A system described by a linear, constant coefficient, ordinary, first order differential equation has an exact solution given by y(t) for y > 0, when the forcing function is x(t) and the initial condition is y(0). If one wishes to modify the system so that the solution becomes -2y(t) for t > 0, we need to

• A. change the initial condition to -y(0) and the forcing function to 2x(t)
• B. change the initial condition to 2y(0) and the forcing function to (t)
• C. change the initial condition to $j\sqrt{2}y\left(0\right)$ and the forcing function to $j\sqrt{2}x\left(t\right)$
• D. change the initial condition to -2y(0) and the forcing function to -2x(t)

Answer 1

The correct option is D change the initial condition to -2y(0) and the forcing function to -2x(t)

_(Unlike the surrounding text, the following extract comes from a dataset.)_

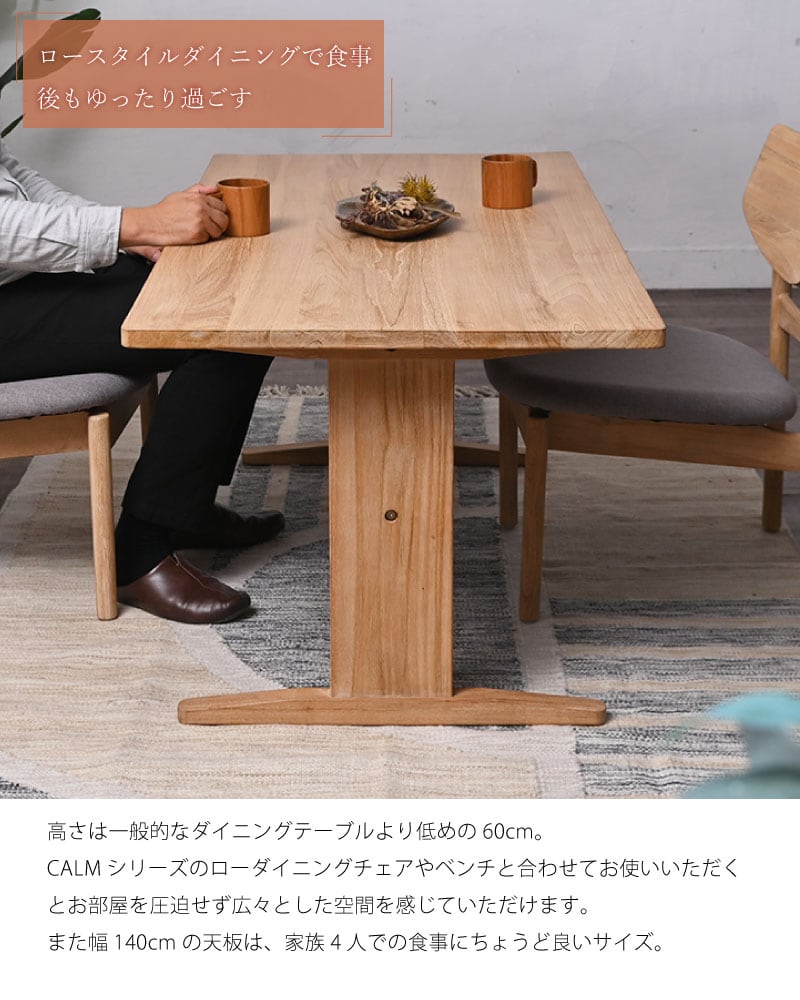 CALM シリーズ チーク無垢材 CLAM ローダイニングテーブル 140cm幅 おしゃれ 人気

Consider first order differential equation is Linear form with constant coefficient

$\frac{dy}{dt}+ay=x\left(t\right)$

then, integrating factor

I.F = $e^{\int adt}$

& solution is

y (I.F) = $\int x\left(t\right).I.Fdt+c$

$\Rightarrow y=\frac{1}{I.F}\int x\left(t\right).IFdt+\frac{C}{IF}$

$\because$ C can be evaluated using initial condition so we can take y(0) = $\frac{C}{I.F}$

So, $y\left(t\right)=\frac{1}{I.F}\int x\left(t\right)I.Fdt+y\left(0\right)$

Multiply both sides with (-2)

or $-2y\left(t\right)=\frac{-2}{I.F}\int x\left(t\right)I.F.dt+(-2)y\left(0\right)$

$-2y\left(t\right)=\frac{1}{I.F}\int [-2x(t\left)\right]I.F.dt+[-2y(0\left)\right]$

Hence, for the solution to be -2y(t), we have to change x(t) by -2x(t) and the initial condition y(0) by -2y(0).